Dependence of the MR signal on the magnetic susceptibility of blood studied with models based on real microvascular networks

Abstract

Purpose: The primary goal of this study was to estimate the value of $\beta$ , the exponent in the power law relating changes of the transverse relaxation rate and intra-extravascular local magnetic susceptibility differences as ${\Delta R_2}^{\ast }\propto {\left(\Delta \chi \right)}^{\beta }$ . The secondary objective was to evaluate any differences that might exist in the value of $\beta$ obtained using a deoxyhemoglobin-weighted $\Delta \chi$ distribution versus a constant $\Delta \chi$ distribution assumed in earlier computations. The third objective was to estimate the value of β that is relevant for methods based on susceptibility contrast agents with a concentration of $\Delta \chi$ higher than that used for BOLD fMRI calculations.

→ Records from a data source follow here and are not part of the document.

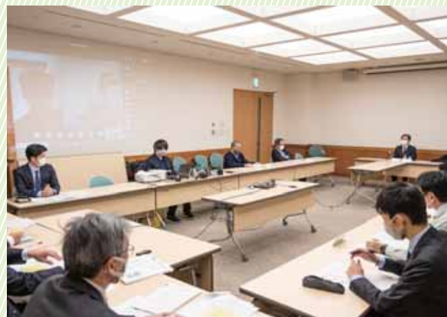
会場はソーシャルディスタンスを確保。写真左手の壁にオンライン画面を投影。中央にあるのは会場の声を拾う収音マイクと調整機器。

本委員会では初となる、オンラインシステムの活用と会場をあわせた会議となり、感染症対策に十分に配慮しながら、オンラインでの参加者を含めて通常通りの議事進行を実施しました。
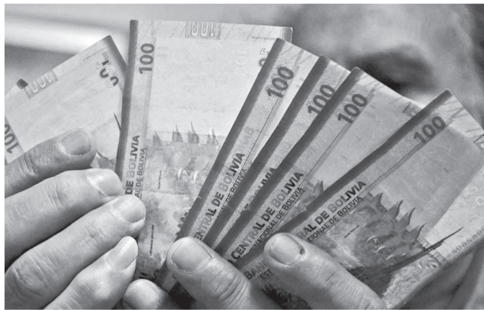
Billetes en bolivianos, que se usa para el pago de impuestos. CARLOS LÓPEZ

La autoridad detalló que, con esa norma, serán condonados los tributos de carácter nacional como el Impuesto al Valor Agregado (IVA), el Impuesto sobre las Utilidades de las Empresas (IUE) y el Impuesto a las Transacciones (IT), entre otros recaudados por Impuestos Nacionales. “Aquí entran también
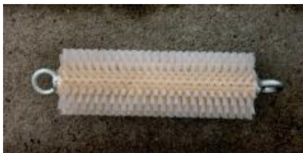
Kanalbürste mit Kunststoffborsten Duct brush with plastic bristles
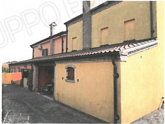
2 – Prospetto sul retro casa
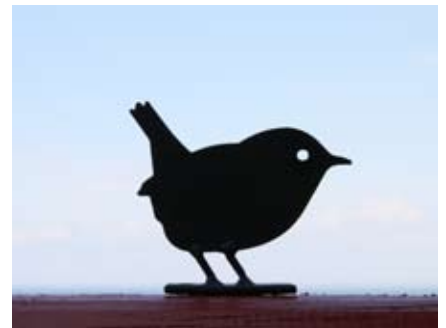
Winterkoning Art. nr.: WG703
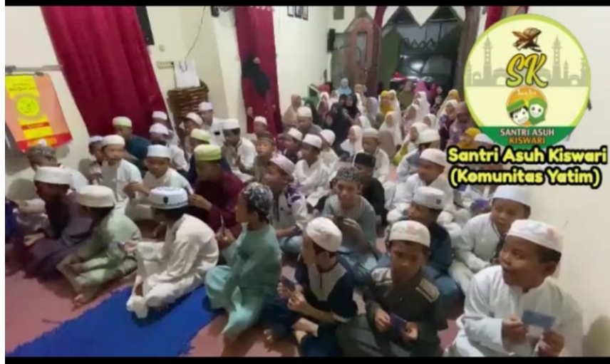
Gambar 4.4 Santunan Anak Yatim
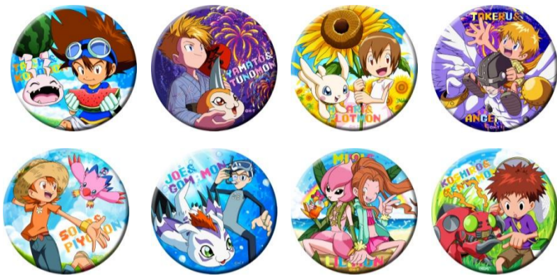
どデカ缶バッジ (全8種) ¥ 500(税別) ※ ブラインド

会場では、企画展限定の描き起こしイラストによるオリジナルグッズを多数販売いたします。 その他、個数制限のある商品もございますので、商品情報は企画展公式サイトにてご確認ください。
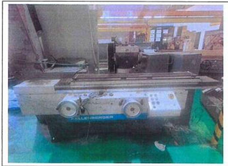
1.1 PANDANGAN HADAPAN

NO. SIRI PENDAFTARAN: KSM/JM/ILPPG/H/97/33
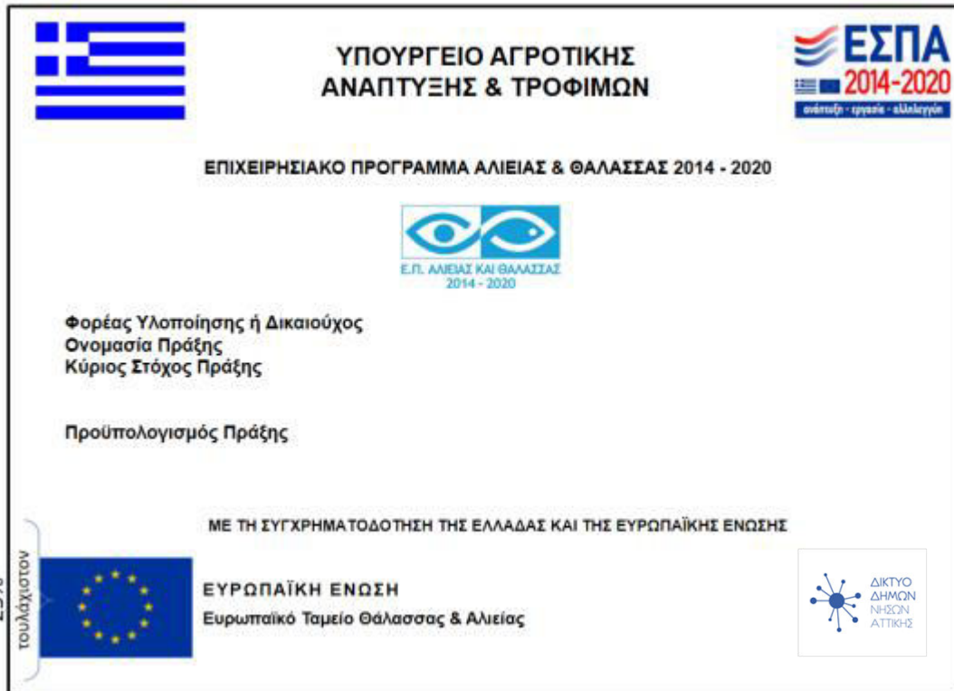
Εικόνα 3: Υπόδειγμα Προσωρινής Πινακίδας

Οι πληροφορίες που θα αναγράφονται στην πινακίδα είναι:
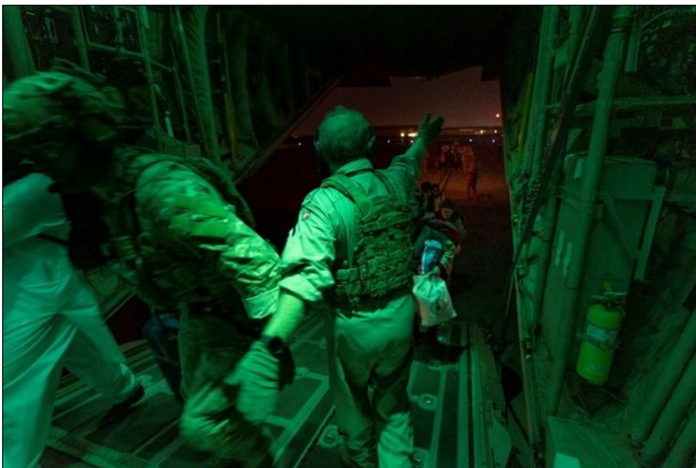
Foto fra evakueringen af afghanere, der har samarbejdet med danske myndigheder, fra Kabul i Afghanistan til Islamabad i Pakistan. Evakueringen foregik i et Hercules-taktisk-transportfly.

Talebans hurtige magtovertagelse betød, at den danske regering

Methods: Our recently developed model of real microvascular anatomical networks is used to extend the original simplified Monte-Carlo simulations to compute $\beta$ from the first principles.

Results: Our results show that $\beta =1$ for most BOLD fMRI measurements of real vascular networks, as opposed to earlier predictions of $\beta =1$ .5 using uniform $\Delta \chi$ distributions. For perfusion or fMRI methods based on contrast agents, which generate larger values for $\Delta \chi$ , $\beta =1$ for $B_0\le$ 9.4 T, whereas at 14 T $\beta$ can drop below 1 and the variation across subjects is large, indicating that a lower concentration of contrast agent with a lower value of $\Delta \chi$ is desired for experiments at high B₀ .

Conclusion: These results improve our understanding of the relationship between R₂^* and the underlying microvascular properties. The findings will help to infer the cerebral metabolic rate of oxygen and cerebral blood volume from BOLD and perfusion MRI, respectively.

Keywords: BOLD fMRI; contrast agents; microvascular network; modeling; perfusion MRI.